Strategies¶
A continuation strategy is the technique used to coerce a chat-tuned LLM into outputting raw text continuation rather than a conversational response.
Why strategies are needed¶
Chat-tuned models respond to user messages. If you send "The ship rounded the headland and" as a user message, most models reply with something like:
"Sure! Here's a continuation of that sentence: The ship rounded the headland and entered the calm harbor..."
That preamble is useless. Strategies suppress it.
The five strategies¶
completion¶
Used for: OpenAI base models (gpt-3.5-turbo-instruct, davinci-002)
These models expose the /completions endpoint, which continues text natively — no coercion needed. The prefix is sent as-is and the model continues it.
prefill¶
Used for: Anthropic models (Claude 2, Claude 3, some Claude 4 variants)
Anthropic's API allows seeding the assistant turn before generation begins. basemode puts the full prefix in the system prompt and seeds the assistant turn with the last ~20 characters. The model, seeing it has "already started" the response, continues naturally from that point.
This is the cleanest strategy when it works — output requires minimal post-processing.
system¶
Used for: Most chat models as the primary or fallback strategy
Sends a system prompt instructing the model to output only the continuation text, with no acknowledgment. Works on GPT-4, most Gemini models, and any model that follows system instructions reliably. Requires space-prefix repair on outputs.
few_shot¶
Used for: Stubborn models that ignore plain system instructions
Augments the system prompt with four varied examples showing the desired continuation behavior (fiction, technical, poetry, dialogue).
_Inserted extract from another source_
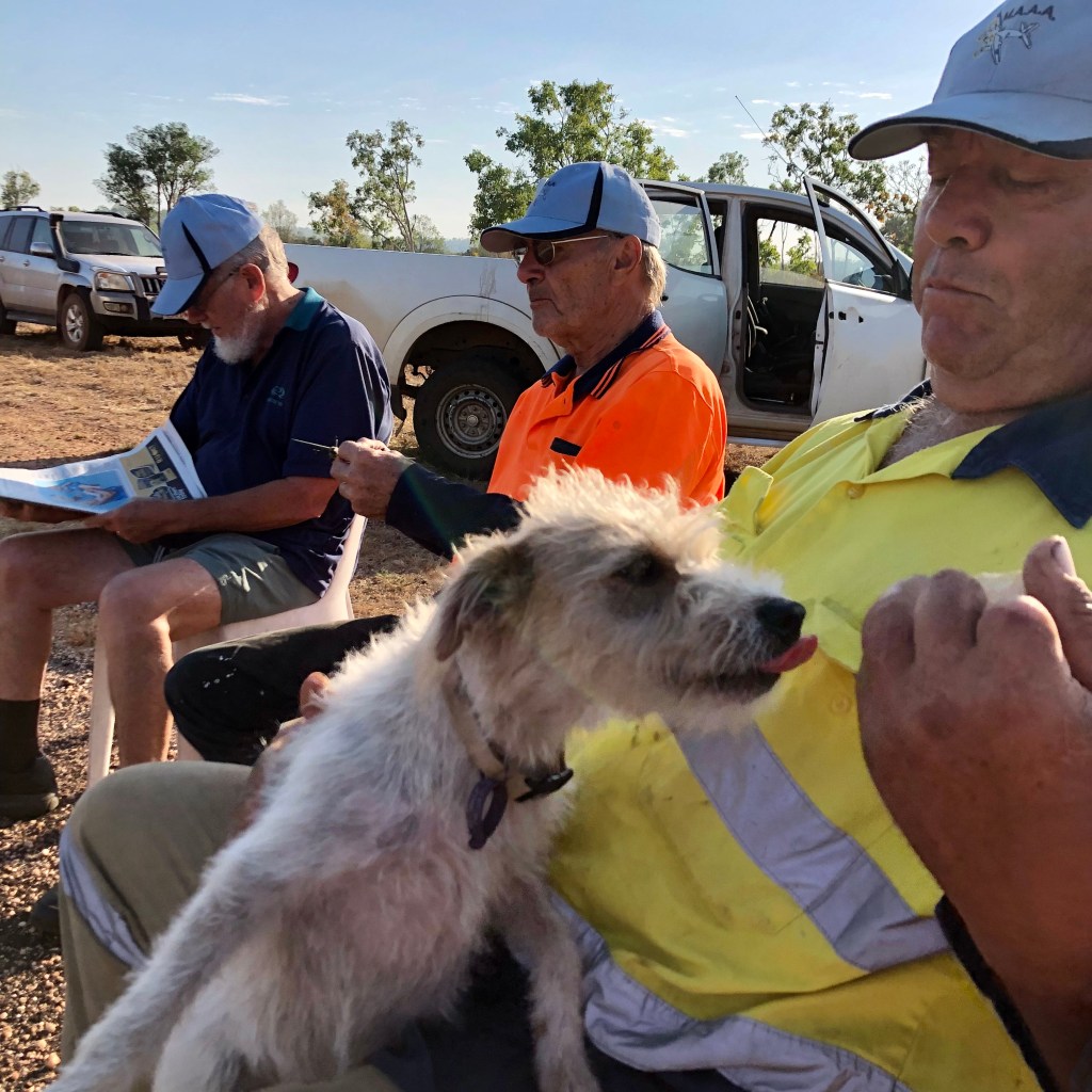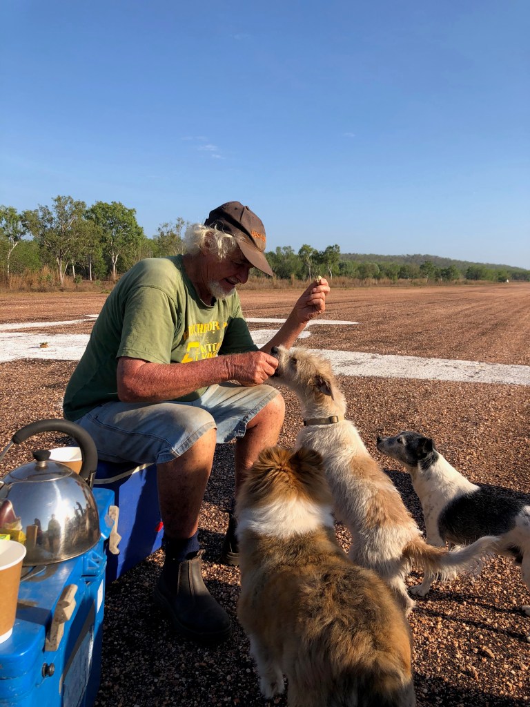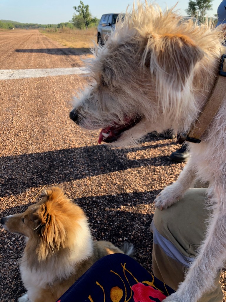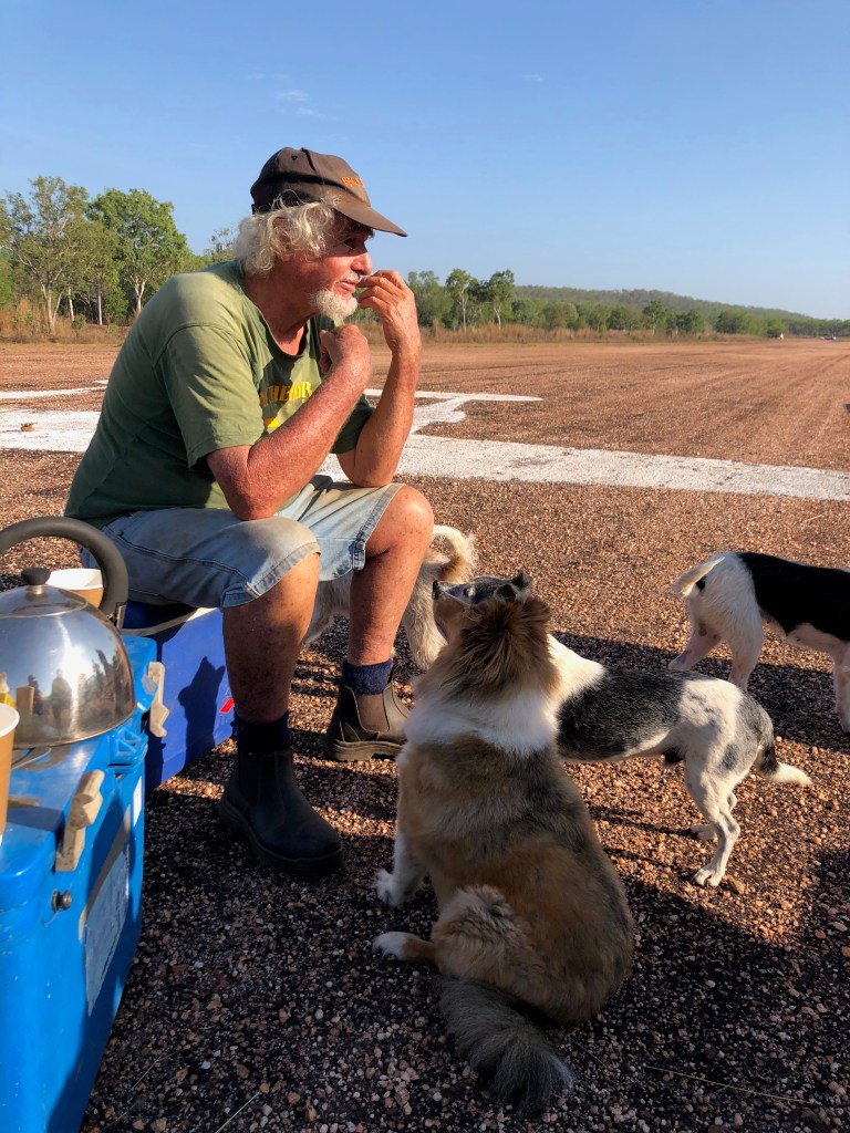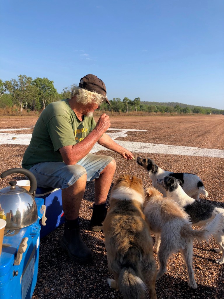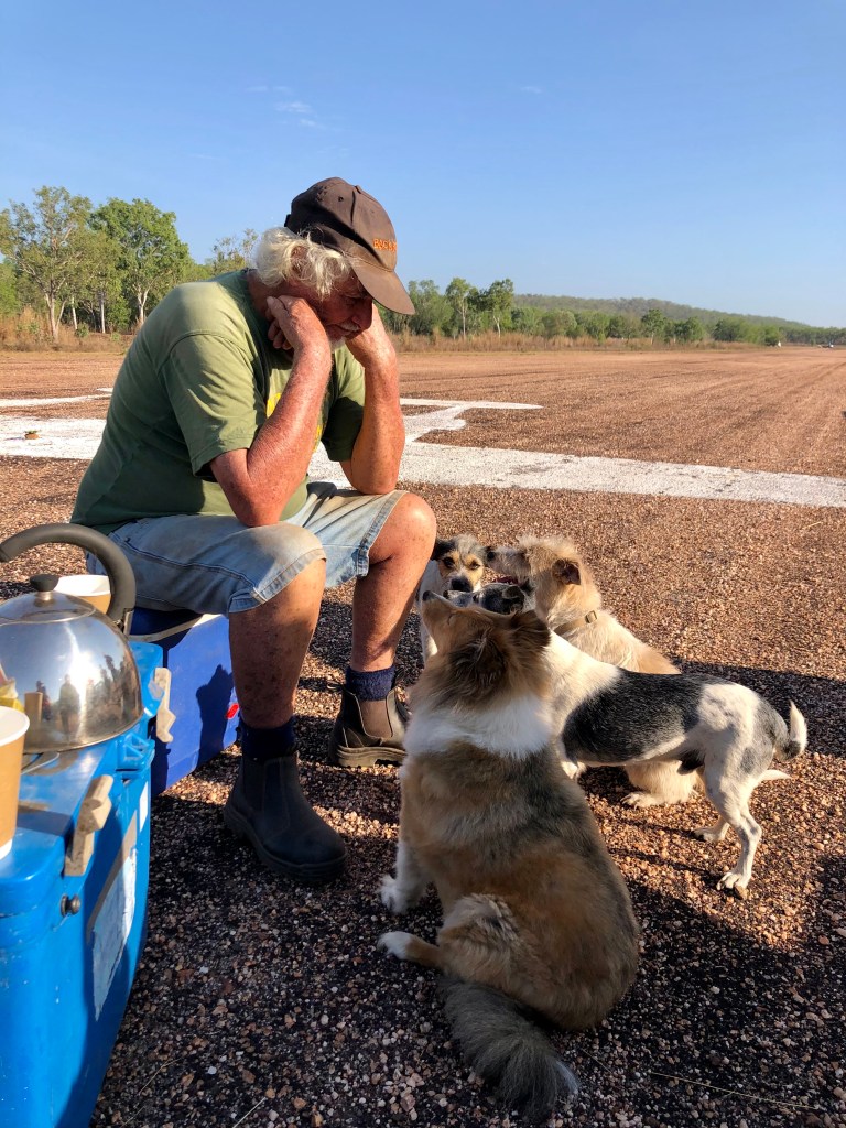 Richard arranged a small memorial gathering today, on the anniversary of the demise of the last Lockheed Lightning plane A55-1, which crashed here at Coomalie and burst into flames when the nose wheel collapsed upon landing. The pilot, Flt/Lt C. J. Rush managed to escape with burns to both arms. We gathered early in the morning, beside the image of a Lockheed some distance down the runway.

The examples demonstrate the pattern clearly enough that even models resistant to direct instruction tend to comply.
fim¶
Used for: Code-specialized models (DeepSeek Coder, StarCoder, CodeLlama)
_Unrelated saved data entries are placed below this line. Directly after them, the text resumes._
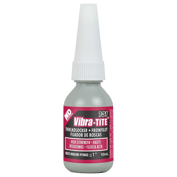 High-Strength Threadlocker, For Material Type Brass, Bronze, Copper, Iron, Manganese, Monel, Nickel, Steel, Threadlocking Strength High, Color Red, Series 131, Container Size 0.34 fl oz, Container Type Bottle, For Maximum Thread Diameter 1 in, Working Time 4 min, Breakaway Torque 200 in-lb, Cure Type Anaerobic, Compatible Primer Series Vibra-Tite 611, Threadlocker Properties High-Temperature Resistant, Standards ASTM D-5363, MIL-S-46163-A, NSF Non-Food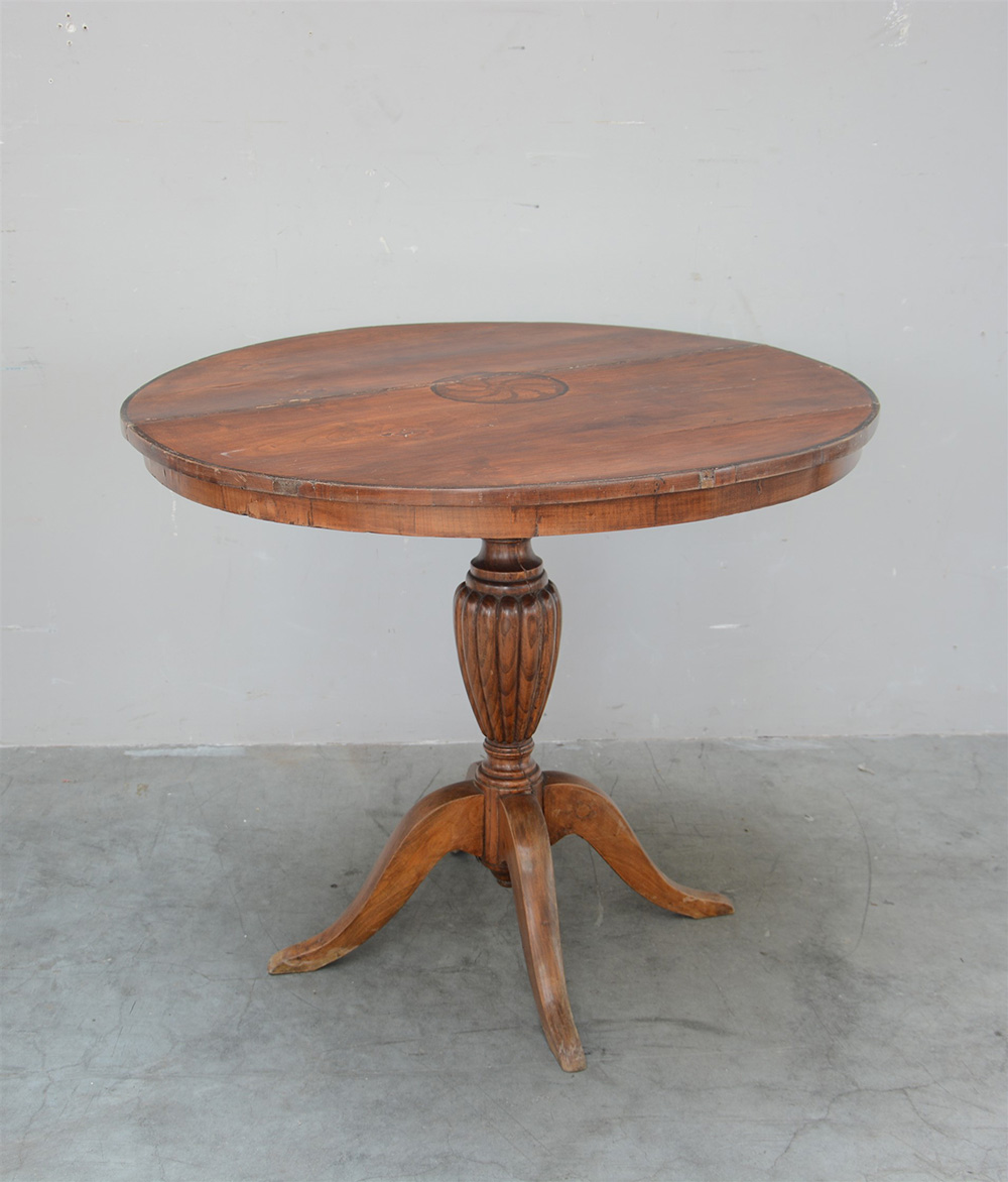 Tavolo con piano tondo intarsiato da rosone, gamba centrale scanalata poggiante su quattro piedi sagomati (d cm 93x h cm 78)(difetti)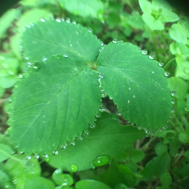 正確に言うと葉に朝露がついたんじゃ無いんだよね。植物が吸った水が滲み出たもの。
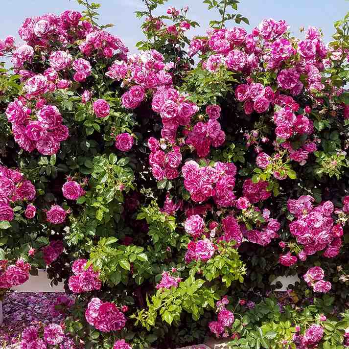 Adorn your garden with the bold stripes and vivid hues of this exciting new climbing rose. Borne in medium-sized clusters, the unique medium-large, petals of magenta, pink and white stripes are combined with a subtle fruity scent. This robust and fast-growing beauty creates an enchanting atmosphere while promising a low maintenance, repeat blooming display.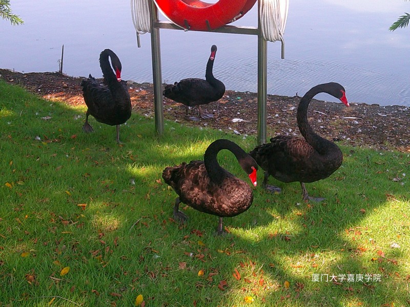 棲霞凌波映黑鵝,靜享湖畔好時光。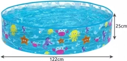 Les spécifications de la piscine incluent une capacité de 277 litres et des dimensions de 122 cm x 25 cm, ce qui est idéal pour les jeunes enfants. Le produit pèse seulement 950 g, il est donc facile à manipuler et à transporter. Un patch de réparation étanche est inclus dans l'emballage, permettant des réparations rapides même lorsque la piscine est remplie d'eau.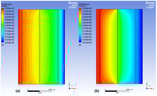 The temperature distribution contours in kelvin for two types of multi-layer walls: (a) one plastic layer without a reflective layer and (b) one plastic layer with a reflective layer.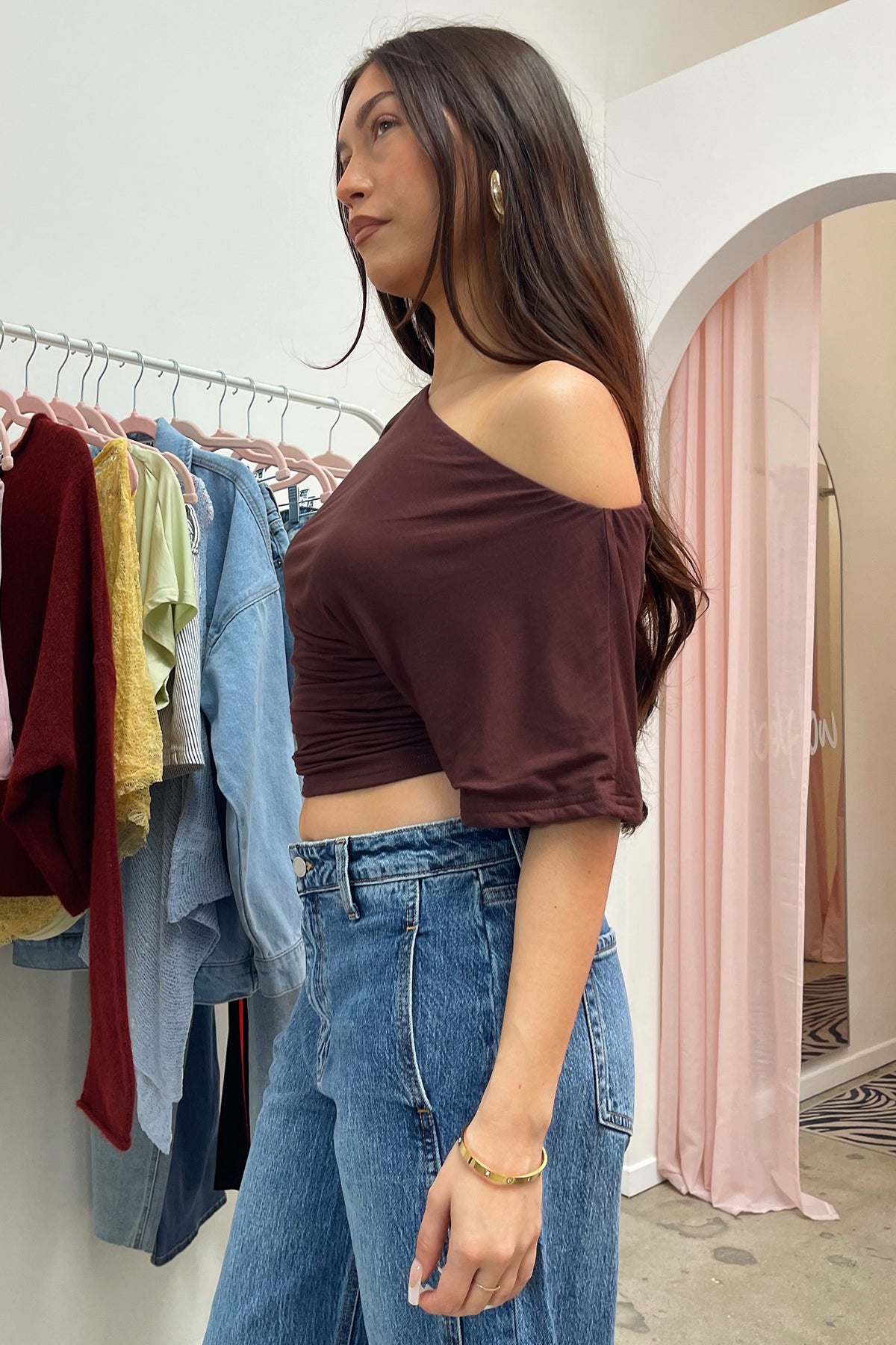 Brown wide neck top

Uses the model's native fill-in-the-middle tokens (<fim_prefix>, <fim_suffix>, <fim_middle> or equivalent). The prefix is provided as the FIM prefix, with an empty FIM suffix, so the model generates continuation tokens directly.
Strategy detection¶
basemode auto-detects the right strategy from the model name:
from basemode import detect_strategy
strategy = detect_strategy("gpt-4o-mini") # → SystemPromptStrategy
strategy = detect_strategy("claude-opus-4-7") # → PrefillStrategy
strategy = detect_strategy("deepseek-coder") # → FIMStrategy
Detection logic: 1. Normalize the model name (resolve aliases, infer provider prefix) 2. Check for known completion-endpoint models 3. Check provider prefix for Anthropic → prefill 4. Check for code models → FIM 5. Default → system prompt
Override¶
async for token in continue_text(
"prefix",
model="gpt-4o-mini",
strategy="few_shot", # force a specific strategy
):
...
Compatibility handling¶
Some models need special treatment beyond strategy selection:
- GPT-5, o-series: temperature parameter is rejected — basemode strips it automatically
- Claude 4.6+: prefill is not supported — automatically falls back to system prompt
- Gemini 2.5, Kimi K2.5: thinking/reasoning models — basemode allocates a thinking budget automatically and strips the
<think>block from output
These quirks are handled in strategies/compat.py and are transparent to callers.
Token boundary healing¶
During streaming, word boundaries can fall mid-token. basemode's healing layer:
- Buffers the final few tokens of each generation
- Detects split compounds (
coward+ice→ should becowardice) - Repairs leading/trailing spaces based on context
- Collapses unnecessary newlines
- Removes any rewound prefix fragments if
rewind=True
This happens automatically and is transparent to callers.